Buah karya misi Romo Van Lith, S.J. menyebar kemana-mana, hingga ke daerah Mertoyudan, hingga didirikan Seminari Petrus Kanisius Mertoyudan. Lalu, R.P. Th. Van der Putten, S.J. memberi wacana untuk membangun sebuah Gereja Katolik di Mertoyudan. Wacana itu pun disetujui. Lalu pada Januari 1956, dimulailah pembangunan Gereja Katolik di Mertoyudan. Pembangunan pun akhirnya selesai pada Agustus 1956. Dan pada 29 September 1956, Mgr.Albertus Soegijapranata memberkati Gereja yang didedikasikan bagi St.
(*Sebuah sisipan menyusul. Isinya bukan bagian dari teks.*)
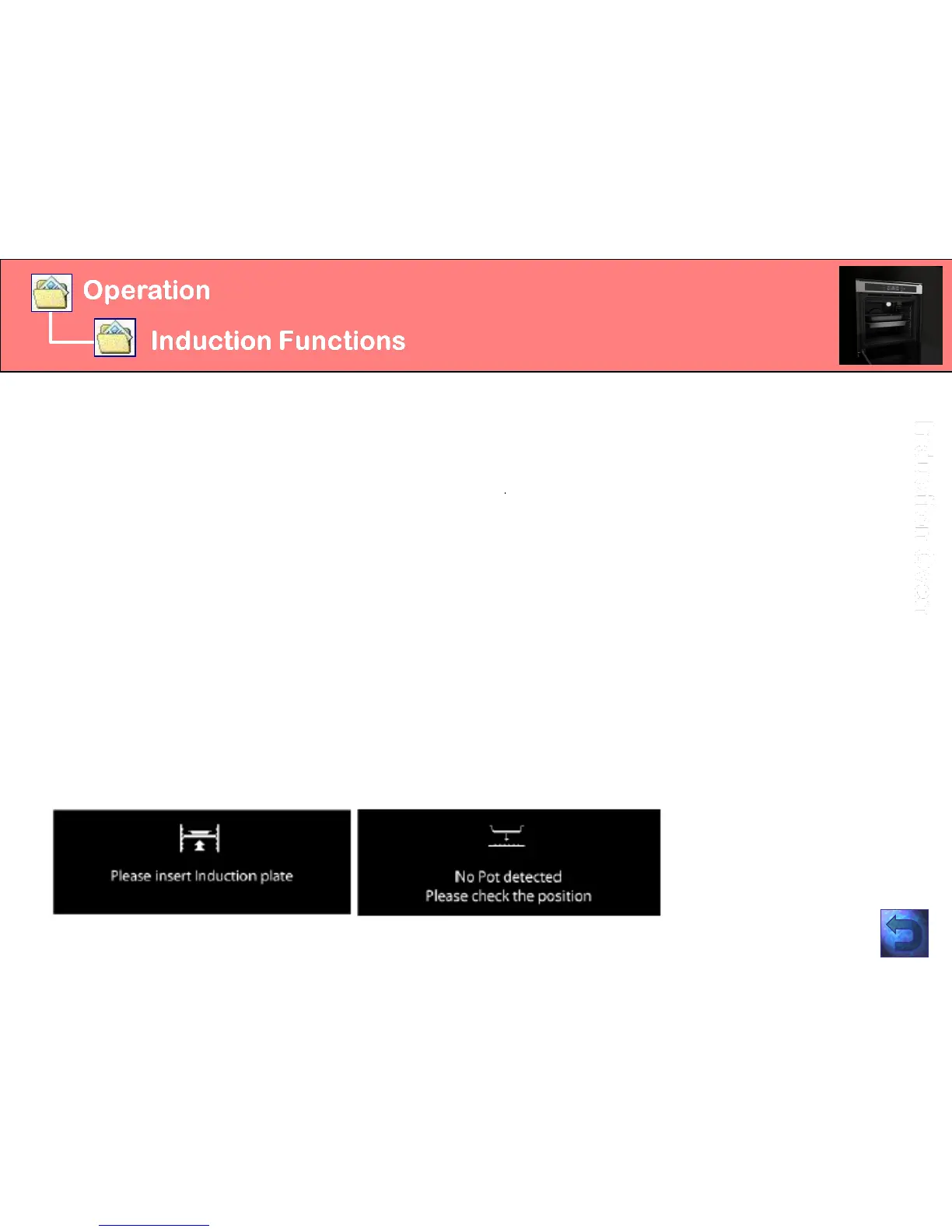 To access the induction functions on the user interface, the induction plate must be properly
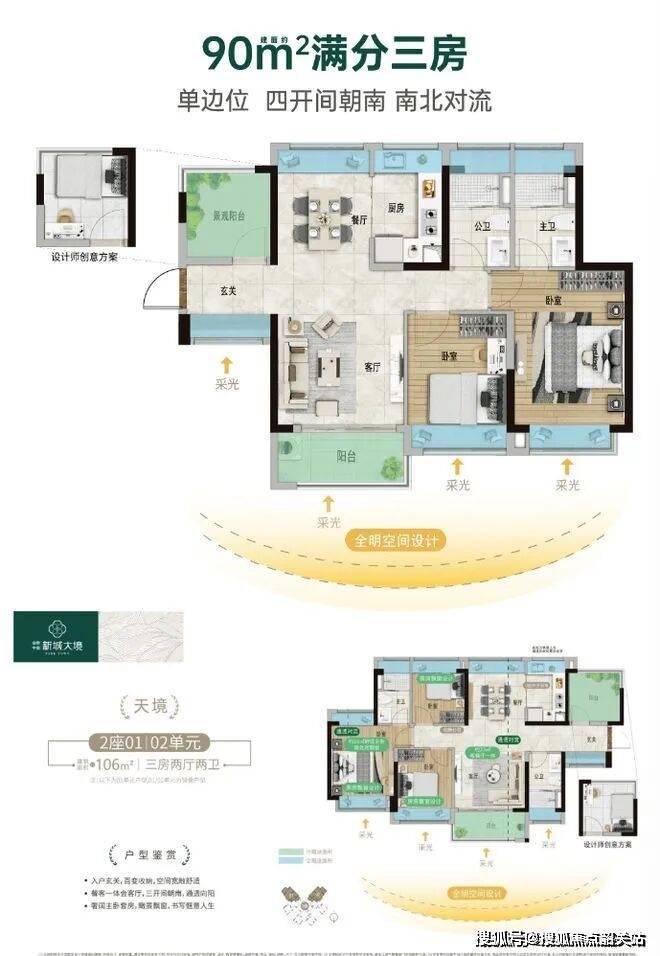 106㎡四房两卫:南北通透,双阳台配置,主卧套房化,满足二胎或三代同住需求。

Yusuf Pekerja itu. Dengan demikian, Gereja Paroki Santo Yusup Pekerja Mertoyudan akhirnya resmi berdiri.[2]
Peribadatan
Gereja Santo Yusup Pekerja menyelenggarakan misa harian dan juga misa mingguan. Misa mingguan diselenggarakan pada Sabtu sore (17.00 WIB dalam Bahasa Indonesia) dan pada hari Minggu (06.00 dalam Bahasa Jawa dan 08.00 WIB dalam Bahasa Indonesia). Misa harian diselenggarakan pada pagi hari (05.30) dari hari Senin hingga Jumat. Perayaan Ekaristi harian dilaksanakan dalam Bahasa Indonesia pada hari Senin, Rabu, & Jumat, dan pada hari Selasa & Kamis dalam Bahasa Jawa. Misa Jumat Pertama dan Sabtu Imam diselenggarakan pada pagi hari dalam Bahasa Indonesia.